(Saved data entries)
-=-=-=-=-
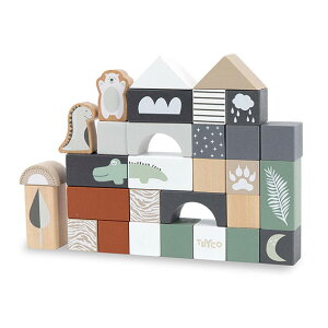 CO。 楽しい木製のブロックセット。 50個のブロックを使って自由に積んだり、建物をたてたり。 積み木遊びはお子様の創造力を養います。 バケツ型のパッケージはお片付けボックスとし
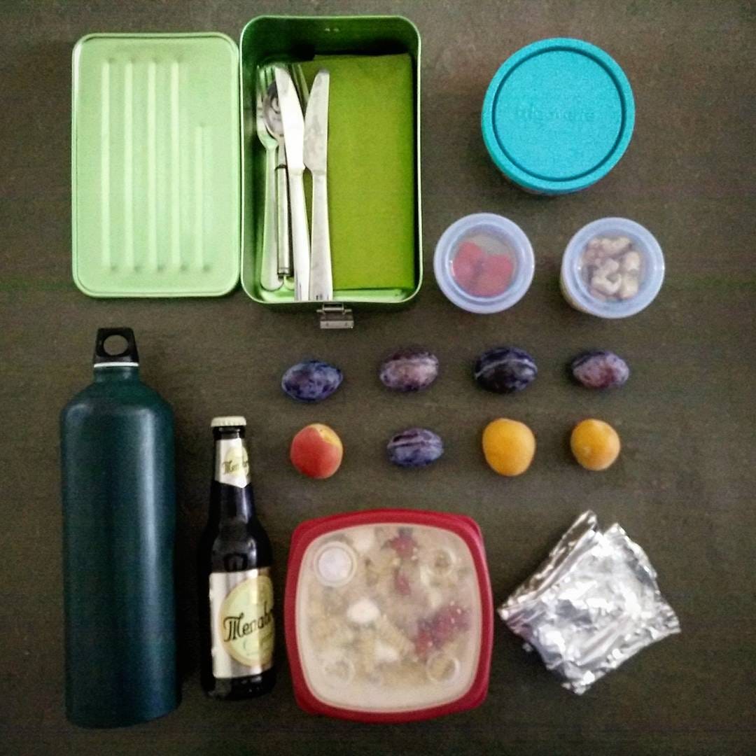 Una volta arrivati, dopo una passeggiata di dieci minuti, abbiamo guadagnato un posto all’ombra, steso la coperta e iniziato a mangiare. A mano a mano che terminavamo le portate, sistemavo le vaschette, in modo da non perdere nulla e avere tutto in ordine da subito. In questi casi io stesso mi chiedo cosa potrebbe succedere se lasciassi i contenitori ribaltati in malo modo sull’erba, recuperandoli dopo.
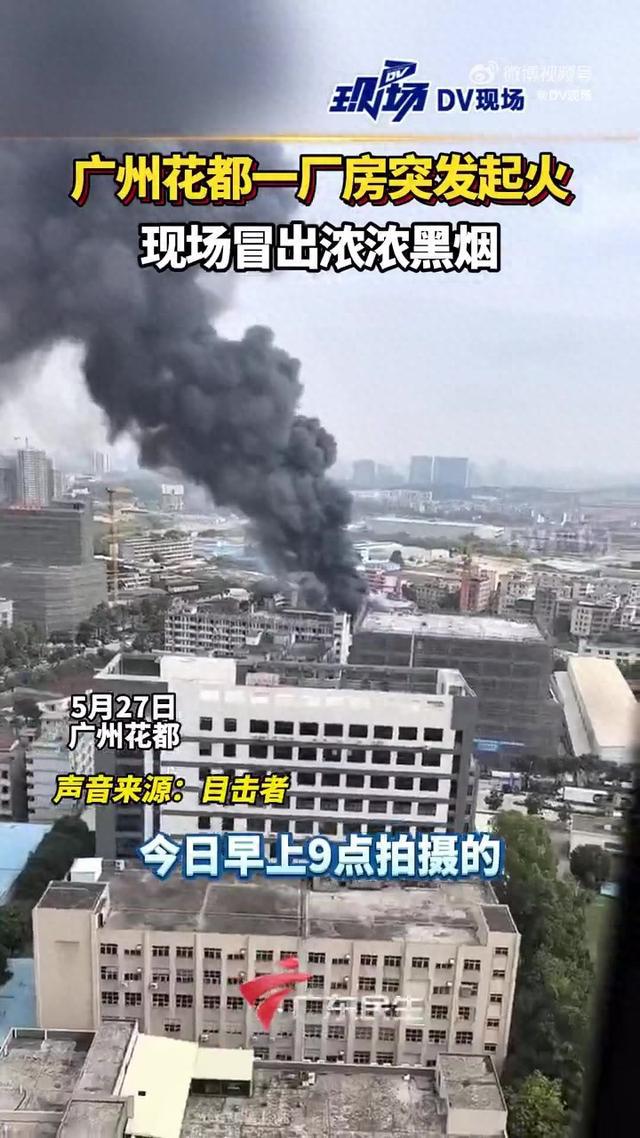 5月27日,广州花都区一仓库起火,现场浓烟滚滚。
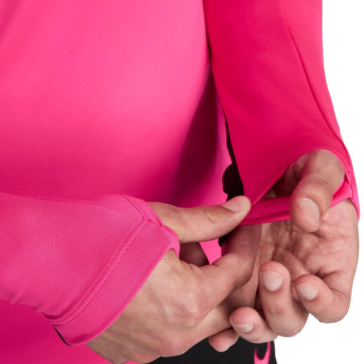 Official Chelsea FC EU training technical lightweight sweatshirt for 2024/2025 international soccer season in UEFA Conference League, exclusively designed by Nike. Fluo pink/black style adorned with the iconic CFC logo and Nike swoosh, this top is perfect for jogging, hitting the gym, and intense training sessions.
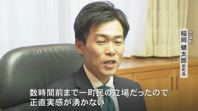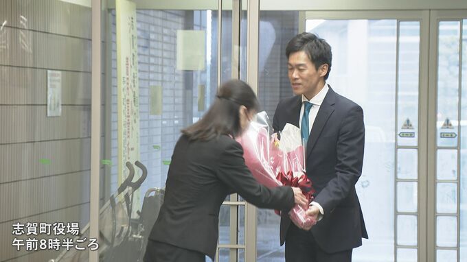 当選から一夜明けた、午前8時半ごろ。稲岡新町長は志賀町役場に初登庁し、職員らの出迎えを受けました。町長室で、初めて町長のイスに座ると…。
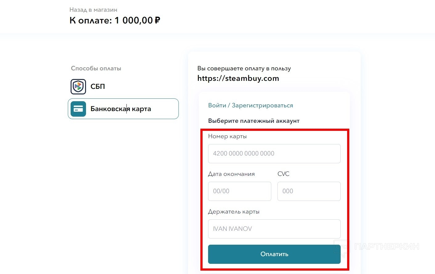 - Выберите способ оплаты. После выбора подходящего метода проверьте корректность данных.
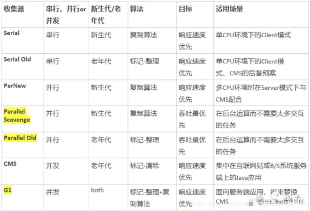 - 新生代回收器:Serial、ParNew、Parallel Scavenge
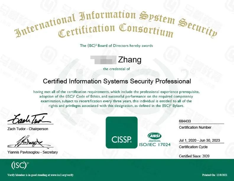 张翊老师CISSP证书
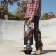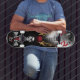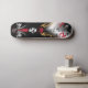 Design do skate com crânio e coroa de cabeça para baixo, chamas, setas e figuras skateboarding pequenas. Igualmente lê do "o skate tambor" com logotipo das BS.
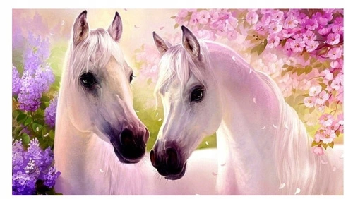 Diamentowa Mozaika Białe Konie Portret 30X40 Cm Kreatywne Diamenty
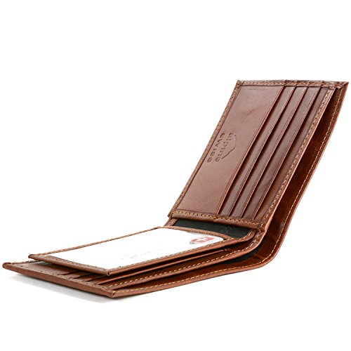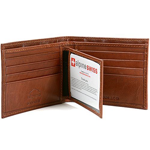 Men's Center Flip Bifold By Alpine SwissThis multi-card traveler with ID window is made of luxurious genuine leather inside & out- It's compact with quite a bit of capacity!  Product Features:Measures 4.25" x 3.37" x 1"Durably Rugged Yet Soft Genuine Top Grain LeatherID Window - Flip to show or hide10 Card Slots2 Additional Oversized Slots for Cards or ReceiptsFull Size Bill SectionQuality Workmanship with 8 stitches per Inch MSRP $45.00Alpine Swiss donates 250 meals every day to hungry children in the U.S. and around the world through our partnership with Children’s Hunger Fund. These meals are hand delivered in a Food Pack, which will contain enough food to feed a family of 4-5 for a week to the homes of the needy by trained volunteers in their community, establishing relationships that foster genuine care. Your purchase fuels this effort! Thank you!
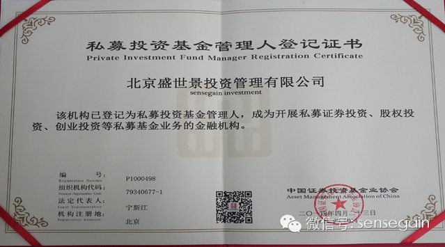 In April 2014, Sensegain received the Registration Certificate of Private Investment Fund Manager issued by China Securities Investment Fund Industry Association, and was officially registered as a private equity fund manager. to become a financial institution engaged in private equity investment, equity investment, venture capital and other private equity fund business.
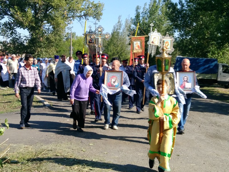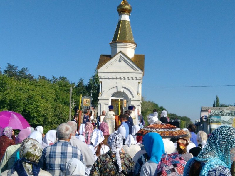 После соборного праздничного богослужения в храме Архистратига Михаила и прочих Небесных Сил бесплотных п. Каменоломни Октябрьского района, состоялся традиционный Крестный ход к Часовне расположенной при въезде в п. Каменоломни.
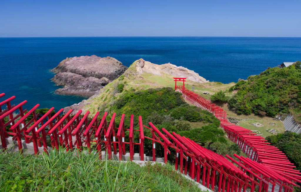 海を見渡す元乃隅神社の鳥居 - 山口県の圧巻景色。
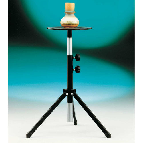 Tornio da studio per modellare, in acciaio cromato e verniciato nero con piatto tornito in acciaio girevole su sfera e gambe richiudibili e regolabile in altezza.
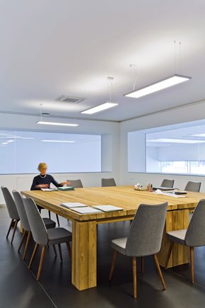 Soft, comfortable, direct and indirect lighting distribution and a decisive, rigorous design that both furnishes and blends with any environment.
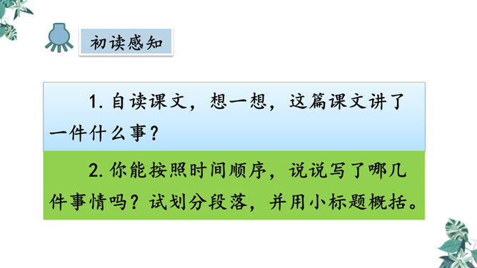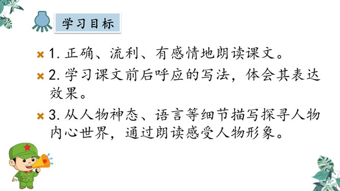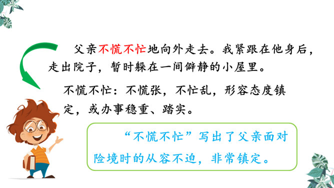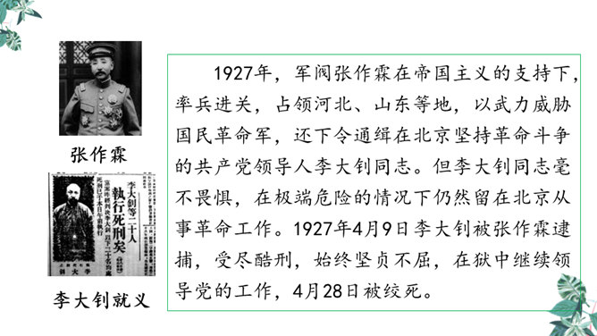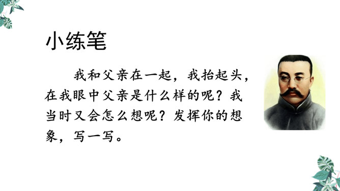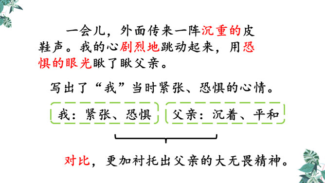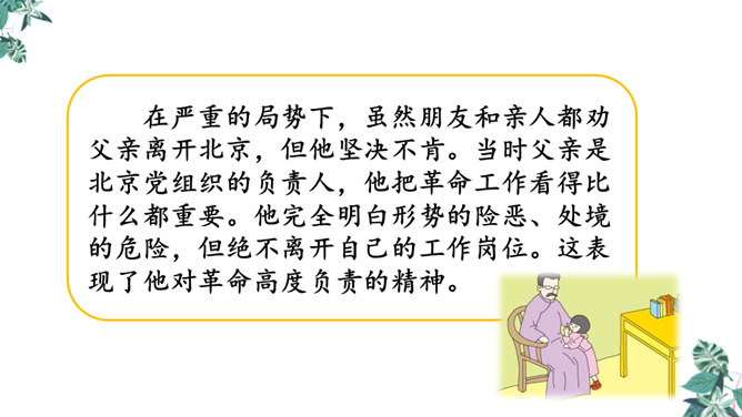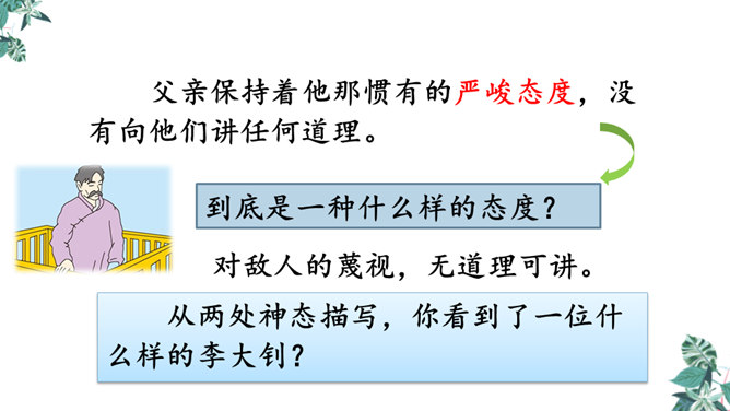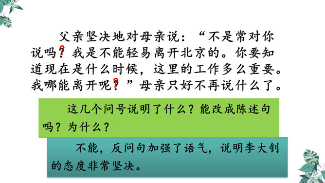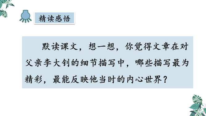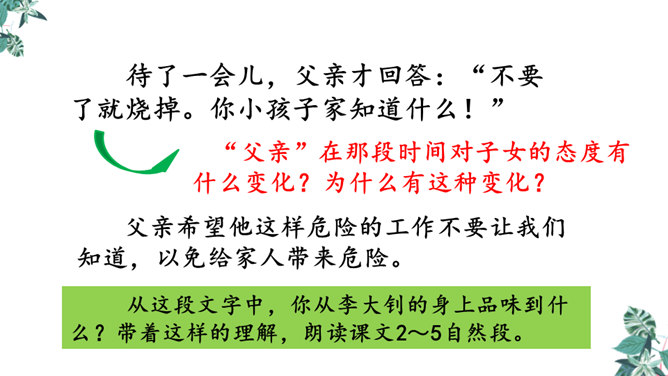 默读课文,想一想,你觉得文章在对父亲李大钊的细节描写中,哪些描写最为精彩,最能反映他当时的内心世界?“父亲”在那段时间对子女的态度有什么变化?为什么有这种变化?这几个问号说明了什么?能改成陈述句吗?为什么?不能,反问句加强了语气,说明李大钊的态度非常坚决。从两处神态描写,你看到了一位什么样的李大钊?看完这些,你们心里一定有很多感触。此时此刻的你,想对李大钊说些什么?所属专题:十六年前的回忆ppt。
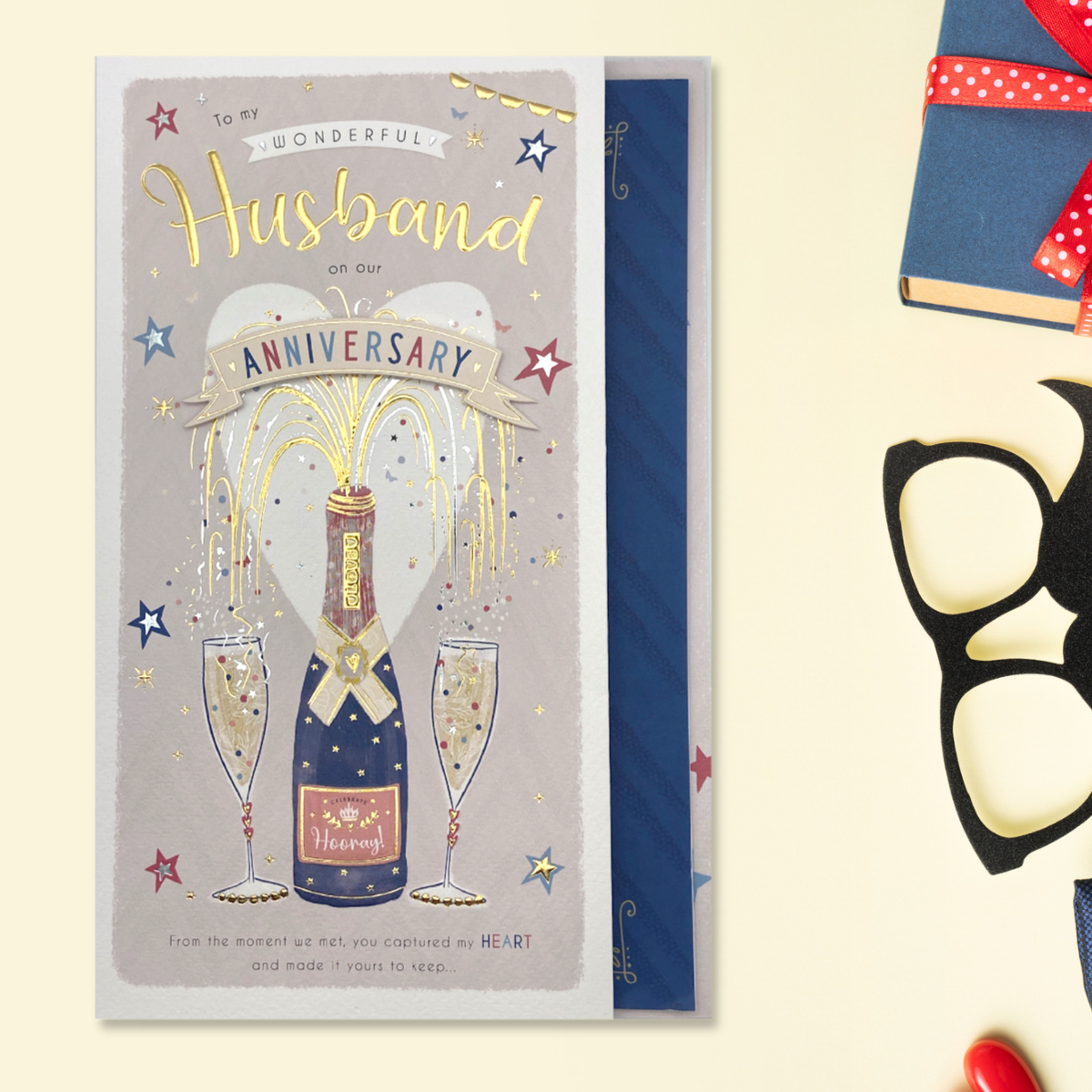 Husband Anniversary Card - Pavillion Large Bubbly & Flutes
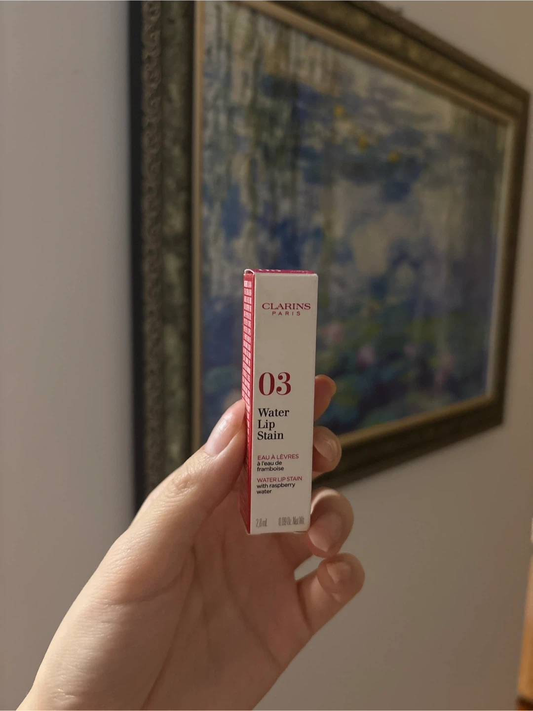 Clarins 03 Water Lip Stain in a raspberry water shade. It's 2.8ml and includes the original box. This lip stain would be great for someone looking for a light, natural lip colour.
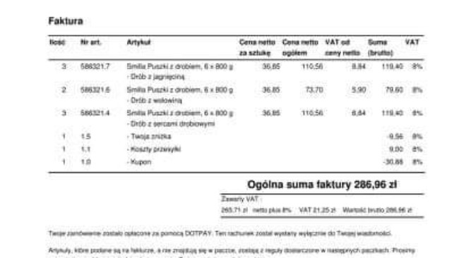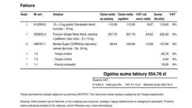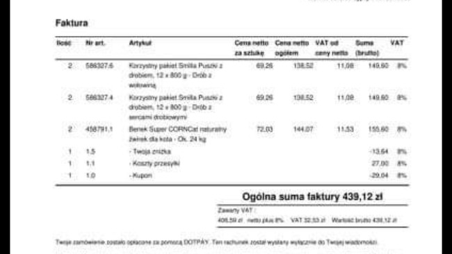 Poniżej zamieszczam screeny faktur za jedzenie i żwirek...
-=-=-=-=-
> _HOW TO COMPLETE THIS TASK_: Please repeat all of the data exactly as it stands, leaving the pictures out.

> _TASK ANSWER_:
 CO。 楽しい木製のブロックセット。 50個のブロックを使って自由に積んだり、建物をたてたり。 積み木遊びはお子様の創造力を養います。 バケツ型のパッケージはお片付けボックスとし
 Una volta arrivati, dopo una passeggiata di dieci minuti, abbiamo guadagnato un posto all’ombra, steso la coperta e iniziato a mangiare. A mano a mano che terminavamo le portate, sistemavo le vaschette, in modo da non perdere nulla e avere tutto in ordine da subito. In questi casi io stesso mi chiedo cosa potrebbe succedere se lasciassi i contenitori ribaltati in malo modo sull’erba, recuperandoli dopo.
 5月27日,广州花都区一仓库起火,现场浓烟滚滚。
 Official Chelsea FC EU training technical lightweight sweatshirt for 2024/2025 international soccer season in UEFA Conference League, exclusively designed by Nike. Fluo pink/black style adorned with the iconic CFC logo and Nike swoosh, this top is perfect for jogging, hitting the gym, and intense training sessions.
 当選から一夜明けた、午前8時半ごろ。稲岡新町長は志賀町役場に初登庁し、職員らの出迎えを受けました。町長室で、初めて町長のイスに座ると…。
 - Выберите способ оплаты. После выбора подходящего метода проверьте корректность данных.
 - 新生代回收器:Serial、ParNew、Parallel Scavenge
 张翊老师CISSP证书
 Design do skate com crânio e coroa de cabeça para baixo, chamas, setas e figuras skateboarding pequenas. Igualmente lê do "o skate tambor" com logotipo das BS.
 Diamentowa Mozaika Białe Konie Portret 30X40 Cm Kreatywne Diamenty
 Men's Center Flip Bifold By Alpine SwissThis multi-card traveler with ID window is made of luxurious genuine leather inside & out- It's compact with quite a bit of capacity!  Product Features:Measures 4.25" x 3.37" x 1"Durably Rugged Yet Soft Genuine Top Grain LeatherID Window - Flip to show or hide10 Card Slots2 Additional Oversized Slots for Cards or ReceiptsFull Size Bill SectionQuality Workmanship with 8 stitches per Inch MSRP $45.00Alpine Swiss donates 250 meals every day to hungry children in the U.S. and around the world through our partnership with Children’s Hunger Fund. These meals are hand delivered in a Food Pack, which will contain enough food to feed a family of 4-5 for a week to the homes of the needy by trained volunteers in their community, establishing relationships that foster genuine care. Your purchase fuels this effort! Thank you!
 In April 2014, Sensegain received the Registration Certificate of Private Investment Fund Manager issued by China Securities Investment Fund Industry Association, and was officially registered as a private equity fund manager. to become a financial institution engaged in private equity investment, equity investment, venture capital and other private equity fund business.
 После соборного праздничного богослужения в храме Архистратига Михаила и прочих Небесных Сил бесплотных п. Каменоломни Октябрьского района, состоялся традиционный Крестный ход к Часовне расположенной при въезде в п. Каменоломни.
 海を見渡す元乃隅神社の鳥居 - 山口県の圧巻景色。
 Tornio da studio per modellare, in acciaio cromato e verniciato nero con piatto tornito in acciaio girevole su sfera e gambe richiudibili e regolabile in altezza.
 Soft, comfortable, direct and indirect lighting distribution and a decisive, rigorous design that both furnishes and blends with any environment.
 默读课文,想一想,你觉得文章在对父亲李大钊的细节描写中,哪些描写最为精彩,最能反映他当时的内心世界?“父亲”在那段时间对子女的态度有什么变化?为什么有这种变化?这几个问号说明了什么?能改成陈述句吗?为什么?不能,反问句加强了语气,说明李大钊的态度非常坚决。从两处神态描写,你看到了一位什么样的李大钊?看完这些,你们心里一定有很多感触。此时此刻的你,想对李大钊说些什么?所属专题:十六年前的回忆ppt。
 Husband Anniversary Card - Pavillion Large Bubbly & Flutes
 Clarins 03 Water Lip Stain in a raspberry water shade. It's 2.8ml and includes the original box. This lip stain would be great for someone looking for a light, natural lip colour.
 Poniżej zamieszczam screeny faktur za jedzenie i żwirek...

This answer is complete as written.